BANGKOK: A global effort to develop new anti-tuberculosis drugs by the year 2010, with an initial budget of $150 million, was launched at an international conference on health research held in Bangkok.
The global alliance for TB drug development was officially launched by World Health Organisation (WHO) Director General Gro Brundtland on Tuesday, as part of an international movement to direct health research towards combatting diseases commonly associated with the poor, such as TB.
"One third of the world's population is currently infected with TB," said Brundtland. "Eight million people develop active tuberculosis every year and the disease takes the lives of 5,000 people a day," he said.
The threat of TB has been on the rise in recent years in tandem with the HIV/AIDS epidemic.
"In Africa, HIV infects 40 per cent of the patients with TB, and it is TB that kills a third of the victims of AIDS," said the WHO chief.
The global alliance for TB drug development seeks to combine public and private sector efforts to develop new drugs to combat TB, with an estimated budget of $150 million over the next five years.
The Bill and Melinda Gates Foundation has announced a grant of $25 million to the programme, and the Rockefeller Foundation is expected to commit another 15 million.
The programme was appropriately launched at the International Conference on Health Research for Development being held in Bangkok till Friday.

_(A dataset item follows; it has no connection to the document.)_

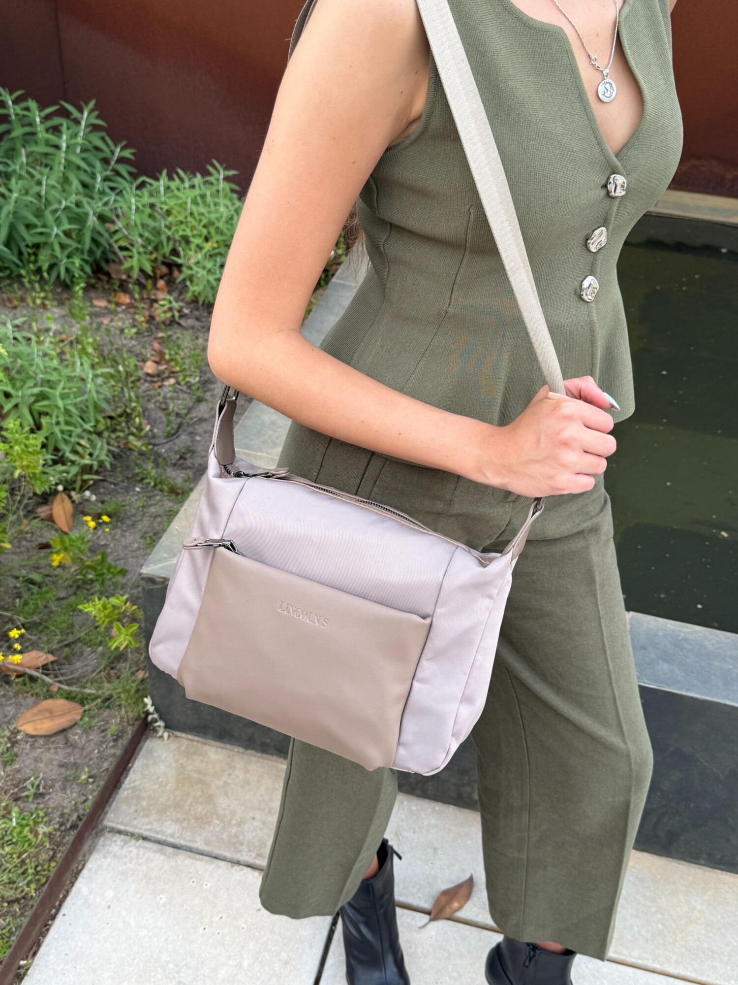 Bandolera de diseño practico y moderno, ideal para uso diario. Cuenta con correa regulable, amplio compartimiento principal y bolsillo frontal con cierre para mayor organización.
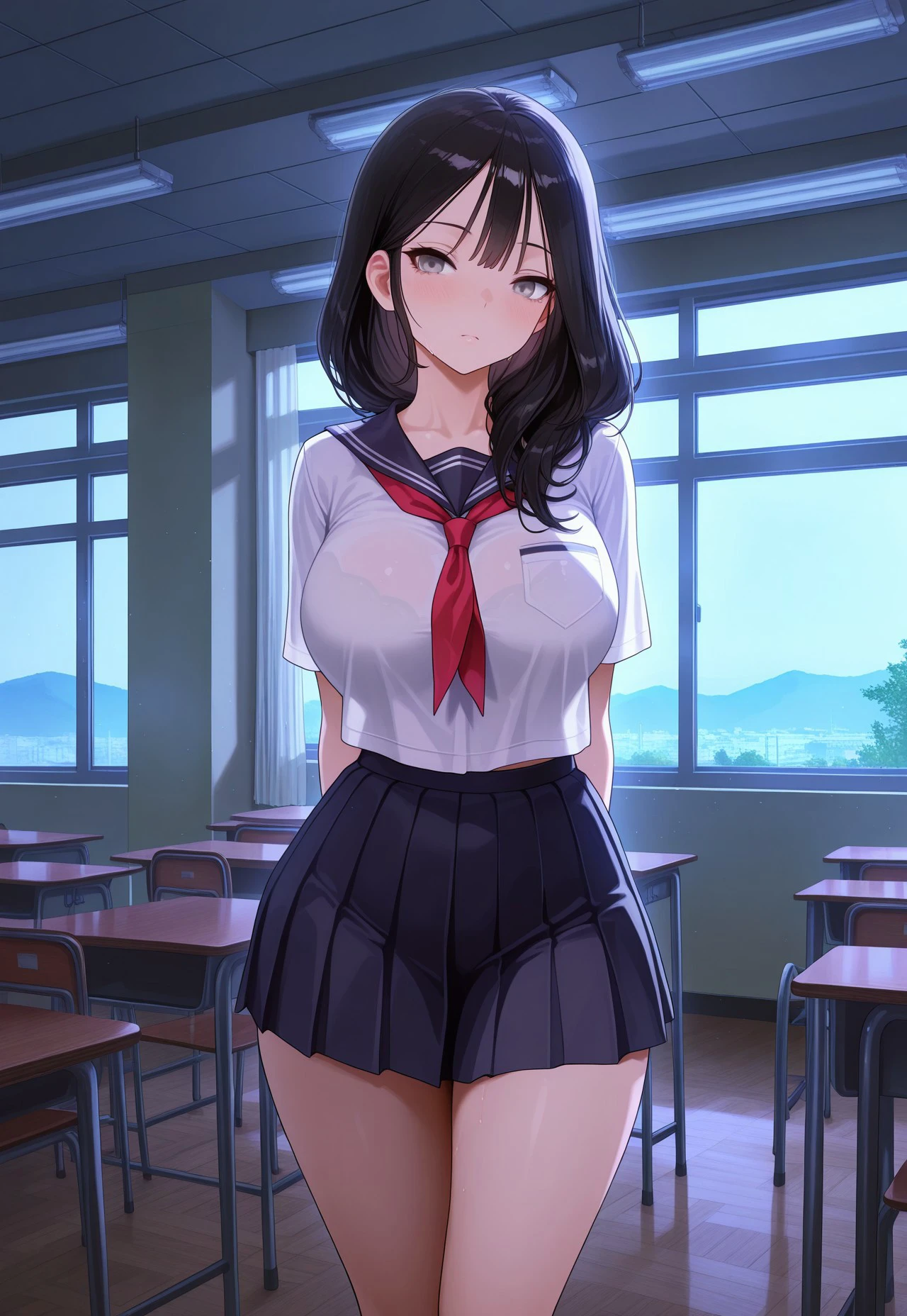 ventana, large breasts, grey eyes, black hair, long hair,

The conference, which was opened on Tuesday morning by Brundtland, gathered some 800 government policy makers, researchers and health experts to discuss the importance of health research for developing countries.
It is the first such conference since 1990, when the Karolinska Nobel Conference in Stockholm launched the global debate about how to provide more equitable access to the fruits of health research, which have traditionally been aimed at the needs of the more affluent, developed countries.
The conference will also address the sensitive issue of trying to persuade multinational pharmaceutical companies, such as the leading manufacturers of anti-HIV/AIDS drugs, to offer their products at more affordable prices to developing countries, where the vast majority of HIV/AIDS victims live and die.
"Companies invested in HIV because they had a big market at home," said Adetokunbo Lucas, Nigerian head of the global forum for health research.
e added that a public-private alliance for finding a new anti-TB drug was necessary "because TB is a disease in a part of the world where the market forces have failed. Where market forces fail, you must invent an alternative way."